Шел 1990 год, последние наши части вышли из Афганистана. С геройскими мечтами и красивой гибелью и моей фотокарточкой в сумочке у Марины дело не вышло. Танковый полк, в который я попал, так и остался в засаде у вражеской границы. «Красивого звонка» коварной дивчине, кинувшей меня в огненную бездну, не получалось. Все вышло скучней и даже позорней. Подвигом, что поднял бы меня на моральную высоту, и не пахло. А с медициной в полку, кстати, отлично справлялся фельдшер Кравчук, хитрый прохиндей, который всех устраивал и себя не забывал. Сначала он дружески пытался меня приобщить к радостям хищения казенного спирта, но процесс не пошел. Слава богу, мне хватило ума с ним не драться, мы мирно разделили сферы влияния. Он расхищал спирт и, как я подозреваю, делился с начальством — я читал медицинские журналы, которые мой предшественник, ушедший на повышение, успел выписать, и мечтал о «высокой хирургии», а пока резал танкистам мозоли. Лучше было, наверное, погибнуть в бою, иногда в отчаянии думал я, чем деградировать как личность, потерять знания и квалификацию, все, к чему я так страстно стремился. Так что, если Кошелев мечтал о моей гибели, он ее получил, причем в самой позорной для меня форме.
Однако служба, жара, и надо как-то жить, да еще в этом азиатском аду на окраине туркменского городка.
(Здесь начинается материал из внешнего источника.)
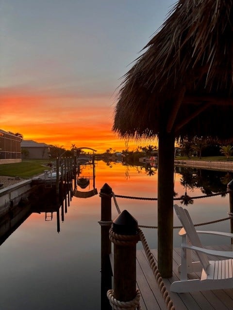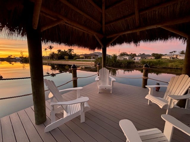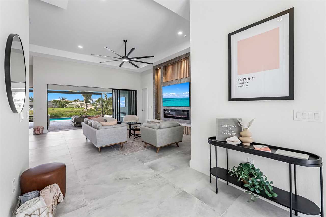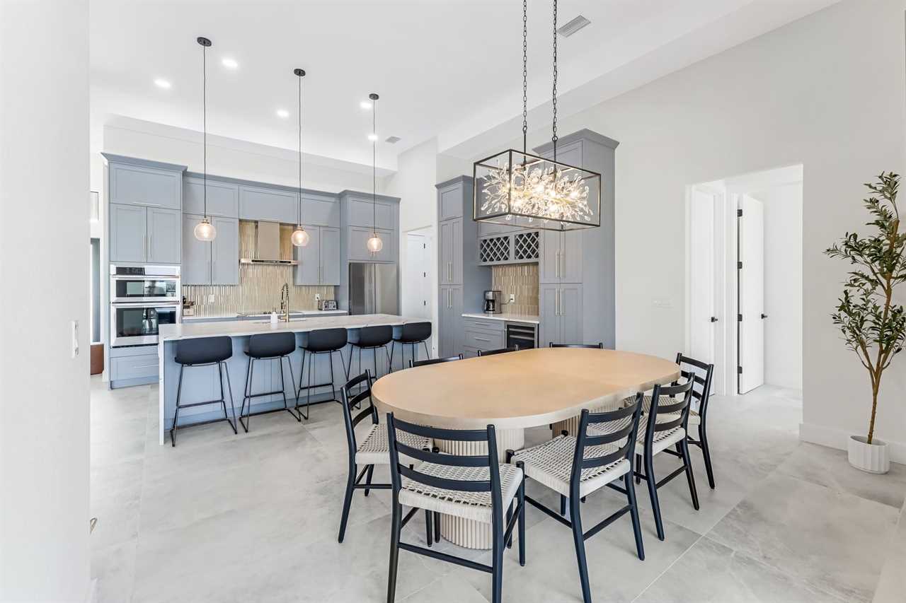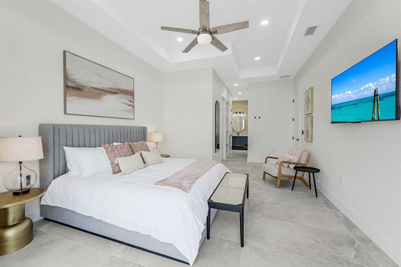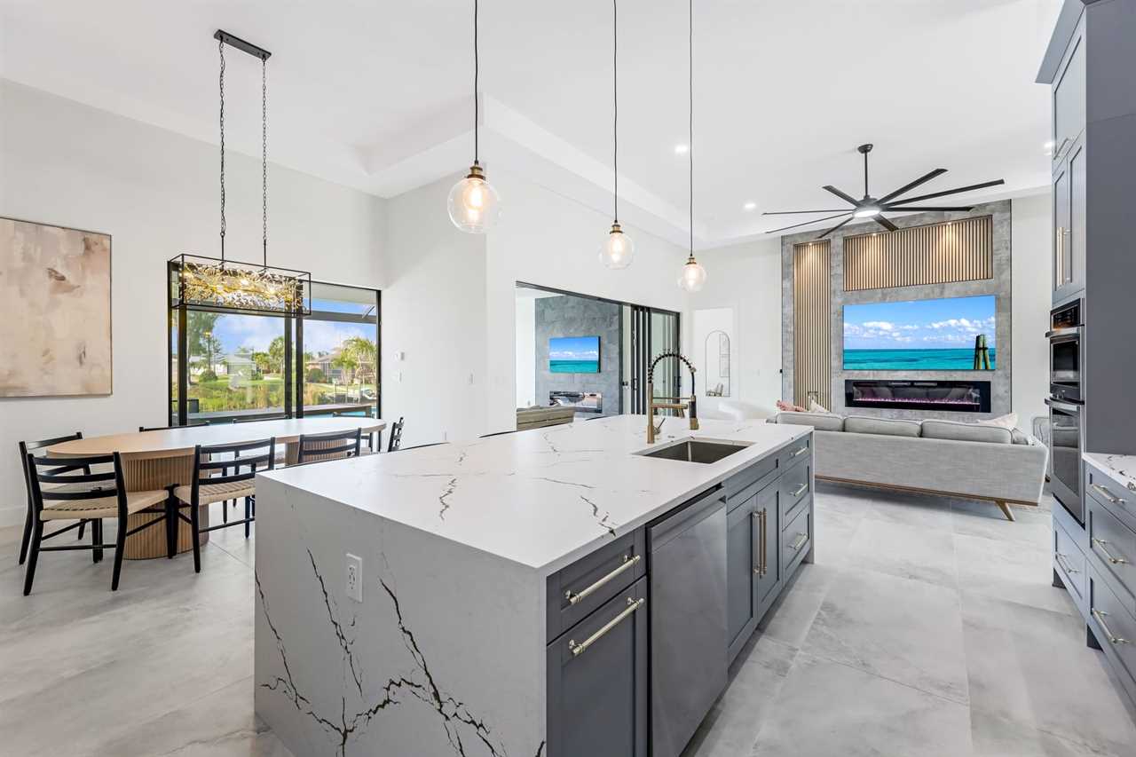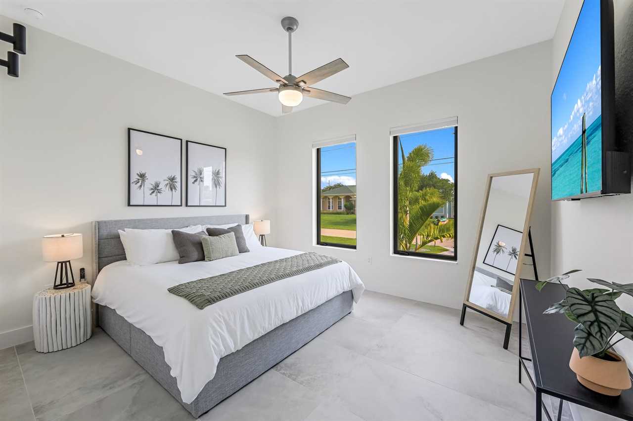 Welcome to your dream vacation at this luxurious waterfront villa in Southwest Cape Coral. Perfectly positioned on a saltwater canal and just a five-minute drive from vibrant Cape Harbour, with upscale dining and shopping, this high-end family-friendly villa offers everything you need for an unforgettable stay in a convenient location. This vacation home offers spacious and luxurious accommodations. Spread out with 5 elegantly appointed bedrooms and 4 modern bathrooms, including three private suites, this property ensures comfort and privacy for all guests. Dive into luxury in the electric heated saltwater pool or unwind in the spa. Both offer a perfect escape under the Florida sun, with stunning views over the canal. Experience the best of indoor and outdoor living with a fully equipped outdoor kitchen, perfect for entertaining, watching the streaming outdoor Smart TV or having a family BBQ. Enjoy the canal views from the newly built dock, great for guests wanting to dock their own boat or rent one locally. (please note the boat lift is unavailable). Inside, the villa boasts a stylish, fully equipped gourmet kitchen with state-of-the-art appliances and elegantly furnished décor with a mid-century modern Scandinavian vibe. There is entertainment for everyone. Engage in endless fun in the garage converted game room equipped with a foosball table, Pac-Man arcade games, a pinball machine, and a football toss game. Outdoor activities are also covered with four bikes and a variety of pool floats available for guest use. Catering to families, this villa is equipped with everything a family may need. Included is a children's pack and play, highchair, and a selection of toys and books. The older children will find endless enjoyment in the garage converted game room. This home has all the amenities, making it easy for everyone, from toddlers to teens, to feel at home. Need to stay connected? The home includes a dedicated office space, with high-speed internet and WIFI, allowing you to work remotely in a quiet and comfortable setting. Peach Paradise promises a luxurious escape with all the comforts of a high-end resort combined with the privacy and convenience of your own home. Whether you're looking to relax poolside, unwind in the spa, or simply enjoy quality time with family, this Cape Coral gem has it all. Sleeping Arrangements: 1st Master Bedroom - King Suite 2nd Master Bedroom - King Suite 3rd Bedroom - Queen Suite 4th Bedroom - Queen 5th Bedroom - 2 sets of Twin Bunks 1st King Master Bath: Dual Vanities Walk in Shower 2nd King Master Bath: Tub/shower Combo Single Vanity Queen Suite Bath: Walk in Shower Single Vanity Guest Bath: Walk in Shower Single Vanity Access to Pool Deck ​​​​​​​ Outdoor Amenities: Electric Heated Saltwater Pool and Spa 4 Adult Bicycles 2 Children Helmets 1 Schwinn Bike Trailer 2 Small Child Size Helmets 1 Adult Helmet Northern Exposure Gulf Access Saltwater Canal Over-sized Pool deck Outdoor Kitchen with BBQ Grill Outdoor Refrigerator and Sink Pool Alarms on Slider doors Inflatables for Pool Outdoor Ceiling Fan Ample Outdoor Seating/Loungers Huge Outdoor Smart TV Dock with Tiki Hut (boat lift not available) Converted Garage to Game Room: Foosball Table Pac Man Arcade Game Legends Pinball Game Football Toss Game Portable Fan General Amenities: Extra Linens and Towels Provided Washer and Dryer Fully Equipped Kitchen Hair Dryer Iron and Ironing Board Ceiling fans Chair in Study Fully Reclines Shampoo, Conditioner and Body Wash in Each Shower Amenities for Young Children: 2 Pack-N-Plays Highchair Booster Seat Children dinnerware and utensils Bibs Children Toys Children Books White Noise Sound Machine Electronics: Huge Flat Screen Smart TV in Living Room Smart TVs in all bedrooms (except in bunk bedroom) Smart TV on Lanai Wireless High-Speed Internet and WIFI * This property has exterior cameras - 2 cameras on pool deck and 2 cameras in front driveway * Garage not available for parking due to game room, but please feel free to use the ample driveway space for your vehicle. * ABSOLUTELY NO PARTIES and all guests and visitors, not in the booking, must be approved by property manager. The property rates include up to 6 guests. Each additional guest will incur a small fee. Please make sure to enter an accurate guest count at time of booking for accurate reservation cost. Electric charge/damage insurance: A prepaid electric charge and damage insurance is included in your reservation. Trash pickup is early Tuesday morning; garbage cans must be taken down to end of driveway on Monday night. There is a $50 fine if garbage cans are not taken down on garbage day

Убитый солнцем плац, чуть живые от зноя солдаты с кругами соли под мышками на гимнастерках.
При господствующей тогда доктрине рассредоточения войск на случай атомного удара все рассредоточено было так, что не доехать. До штаба дивизии, а тем более до госпиталя нашей сводной армии, где, говорят, даже лечили, добраться было нереально — да никто там меня и не ждал, — наверняка там были свои гении, мечтающие о настоящей работе. Постепенно, однако, я приходил в себя. Вообще-то делать, конечно, было что, хотя к медицине и тем более к хирургии это не имело прямого отношения. «Младший врач полка»! Но — старший уехал на усовершенствование, так что приходилось мне...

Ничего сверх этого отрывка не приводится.